As regards keeping our sound fresh, I guess it's just a matter of loving what we do and getting off on a lot of different music. It can't be very interesting to be in a band that just wants to sound like a carbon copy of Gang of Four or the Fire Engines or anyone else for that matter. It'd just be too limiting.

SXP: When I saw you in Hackney, you had a fantastic look: Darren especially looked the early 80s part with his cardy and quiff. How serious do you take the look?

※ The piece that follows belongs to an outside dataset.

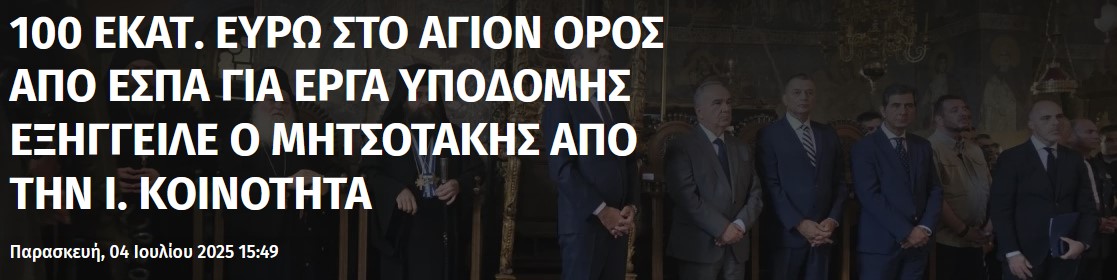 Υπογράμμισε ο Μητσοτάκης ότι η οικονομική στήριξη προς τις μονές δεν είναι μόνο πολιτική αλλά και προσωπική – καθήκον προς την παράδοση και «πνευματικό χρέος». Παραμύθια. Ποια παράδοση και «πνευματικό χρέος». Εξαγορά είναι για να στηρίξουν από δω και πέρα οι καλόγεροι το σημερινό κυβερνητικό κόμμα, και να ξεχάσουν ότι το Άγιο Όρος, διά της Ιεράς Κοινότητος της Ιεράς Κοινωνίας των 20 Ιερών Μονών, έχει εκδηλώσει ξεκάθαρη και επίμονη αντίθεση στον πολιτικό γάμο ομοφυλοφίλων και στην τεκνοθεσία από τέτοια ζευγάρια. Με 100 εκατομμύρια ευρώ πολλά εξαγοράζεις…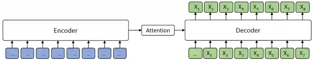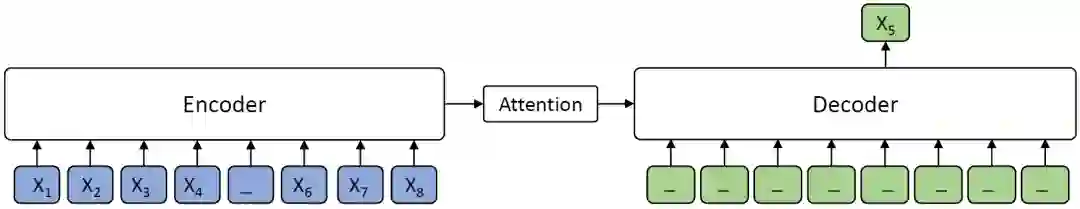 (1)解码器端其它词(在编码器端未被屏蔽掉的词)都被屏蔽掉,以鼓励解码器从编码器端提取信息来帮助连续片段的预测,这样能促进编码器-注意力-解码器结构的联合训练;

Graham: Thanks! We love hunting out bargain-price secondhand gear wherever we go, and that's just an aspect of our personalities. It's nothing we take too seriously, clothes are just fun. We're not sloppy dressers on the street, and we're exactly the same on stage.

SXP: Your single is about to come out on Creeping Bent. What else can we expect from Bricolage – more singles and then an album?

Graham: It was a one-off single on Creeping Bent. There's talk of a US tour later on in the year or early next year with our friends Voxtrot from Texas, and we are doing a mini-tour of well, London, with one show in Nottingham very soon (please check myspace for details). There will be plenty other British shows coming up after that, and we plan to record an album very soon.

SXP: Every band has a guilty secret (fave band Dire Straits, first gig attended Westlife sort of thing). What is Bricolage's guiltiest secret?

Graham: Colin had a theme tune of sorts bestowed upon him when he worked in a bar in Glasgow. The song was Atomic Kitten's very first single, Right Now, back before they became famous. He insists that the original early version is a raunchy pop classic.